__Information__:
════════════════

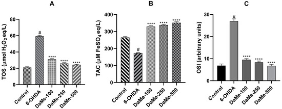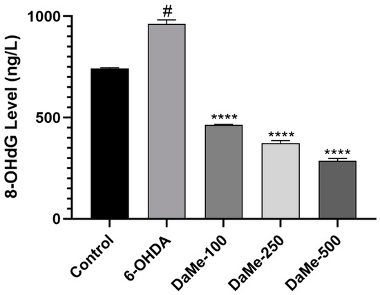 3.6. Effect of DaMe on Oxidative DNA Damage in SH-SY5Y Cells Induced with 6-OHDA
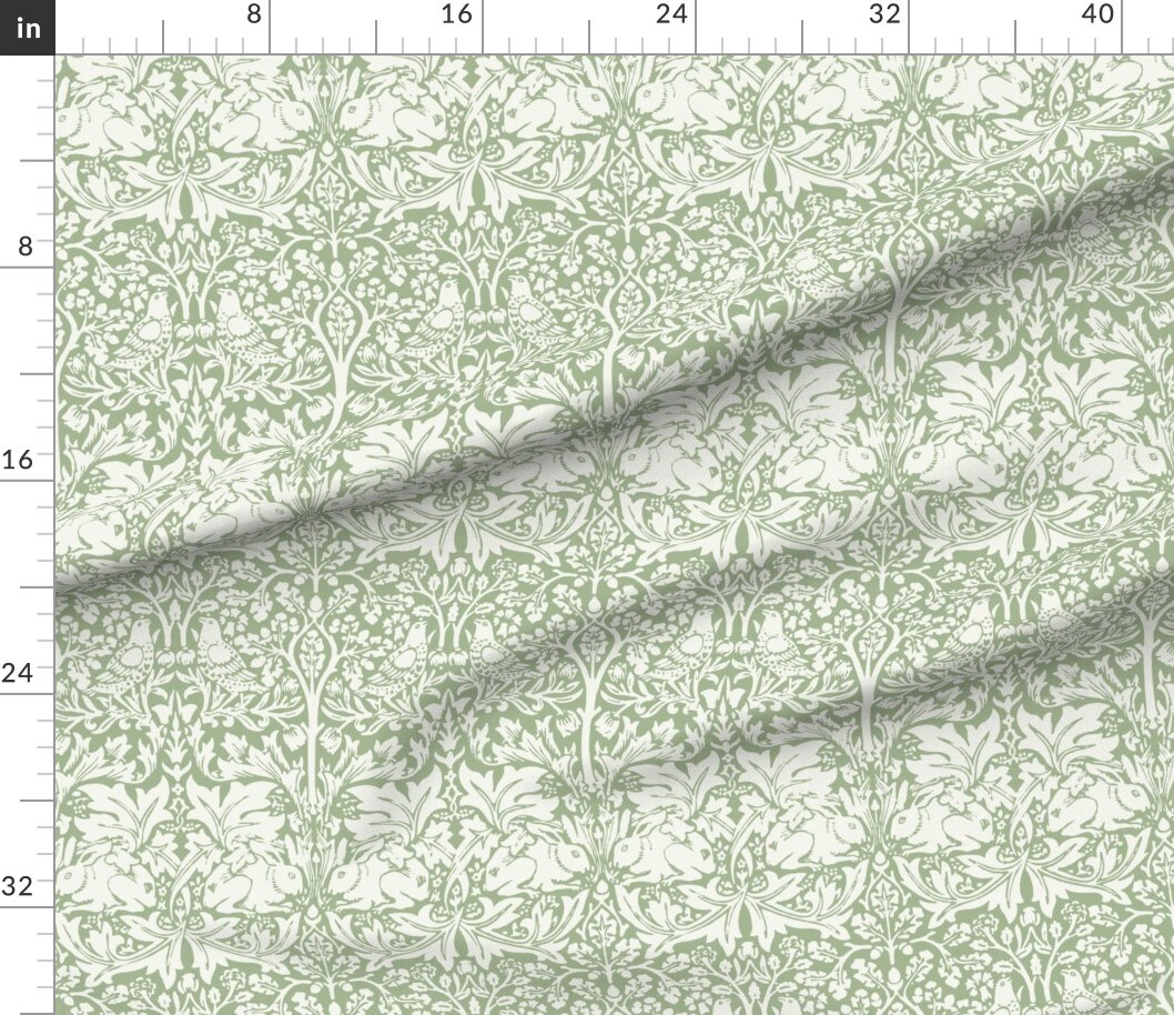 Victorian Garden William Morris Floral Vintage Arts And Crafts Historical English Cottage Rabbit Flowers Antique Green Botanical Edwardian Custom Printed Fabric by Spoonflower Various Fabrics by the Yard or Fat Quarter
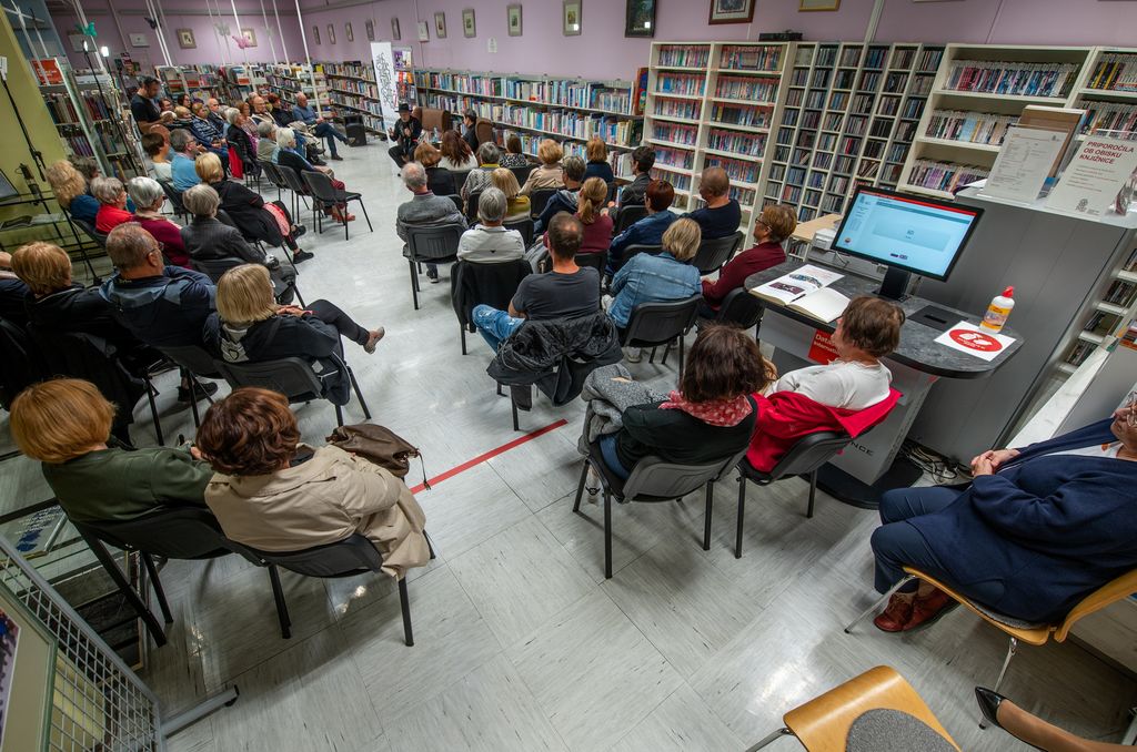 Nabito polno žalsko knjižnico je pisatelj na koncu navdušil tudi z recitiranjem pesmi v prekmurščini.
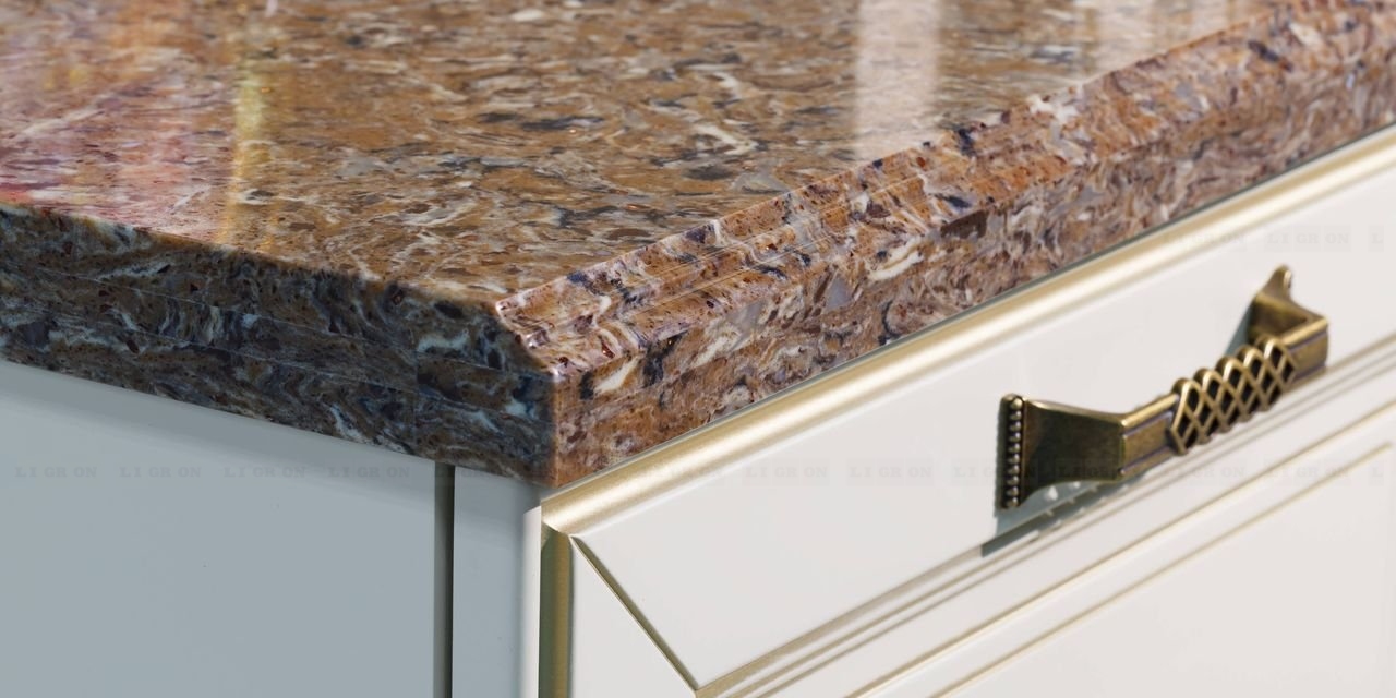 Поэтому имеются ограничения на изготовление столешниц с радиусами. Однако, LIGRON умеет обрабатывать кварцелан и изготавливать из него столешницы и стеновые панели с фигурными классическими профилями.
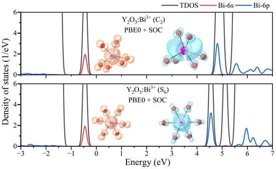 The PBE0+SOC calculated partial DOSs of 6s and 6p orbitals of Bi3+ dopants in the two cation sites for the ground state of Y2O3:Bi3+, and the corresponding charge density distribution profiles.
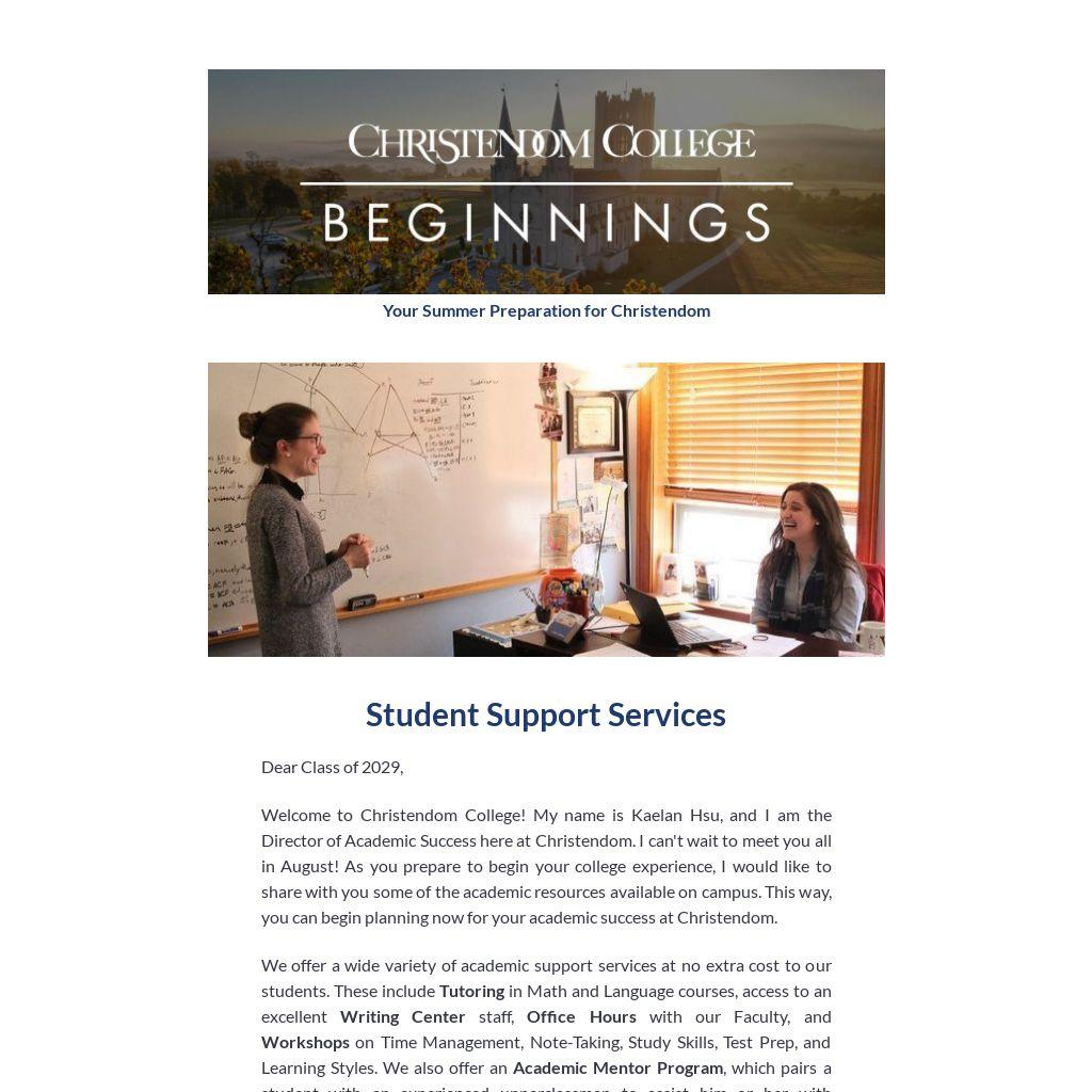 You are in my prayers this summer as you prepare to come to Christendom. If you have questions about our academic support services or would simply like to introduce yourself, feel free to contact me anytime (kaelan.hsu@christendom.edu or 540-551-9177). See you soon!
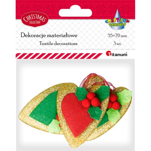 Kształt: serca z ostrokrzewem z filcu i pomponów.
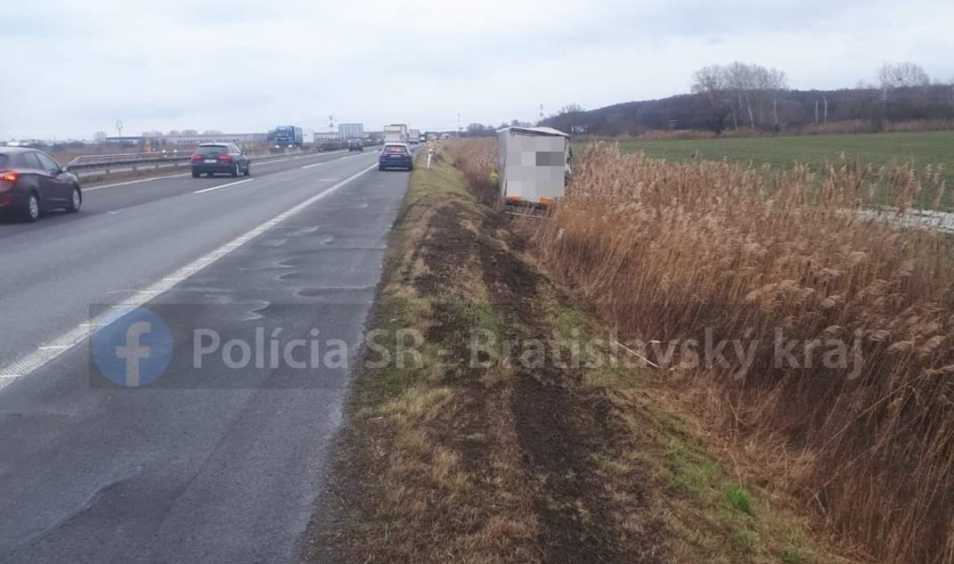 Vodiči pozor, na diaľnici D2 zišiel kamión mimo vozovku, budú ho odstraňovať
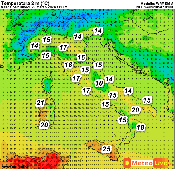 Valori davvero esuberanti solo in Sicilia dove si toccheranno i 25° nei settori interni. Su tutte le altre regioni temperature miti, leggermente più fresche, come già accennato, sui settori del nord.

════════════════

__Task to complete__: Word for word, restate every line of the listing, omitting the pictures.

__Task response__:
 3.6. Effect of DaMe on Oxidative DNA Damage in SH-SY5Y Cells Induced with 6-OHDA
 Victorian Garden William Morris Floral Vintage Arts And Crafts Historical English Cottage Rabbit Flowers Antique Green Botanical Edwardian Custom Printed Fabric by Spoonflower Various Fabrics by the Yard or Fat Quarter
 Nabito polno žalsko knjižnico je pisatelj na koncu navdušil tudi z recitiranjem pesmi v prekmurščini.
 Поэтому имеются ограничения на изготовление столешниц с радиусами. Однако, LIGRON умеет обрабатывать кварцелан и изготавливать из него столешницы и стеновые панели с фигурными классическими профилями.
 The PBE0+SOC calculated partial DOSs of 6s and 6p orbitals of Bi3+ dopants in the two cation sites for the ground state of Y2O3:Bi3+, and the corresponding charge density distribution profiles.
 You are in my prayers this summer as you prepare to come to Christendom. If you have questions about our academic support services or would simply like to introduce yourself, feel free to contact me anytime (kaelan.hsu@christendom.edu or 540-551-9177). See you soon!
 Kształt: serca z ostrokrzewem z filcu i pomponów.
 Vodiči pozor, na diaľnici D2 zišiel kamión mimo vozovku, budú ho odstraňovať
 Valori davvero esuberanti solo in Sicilia dove si toccheranno i 25° nei settori interni. Su tutte le altre regioni temperature miti, leggermente più fresche, come già accennato, sui settori del nord.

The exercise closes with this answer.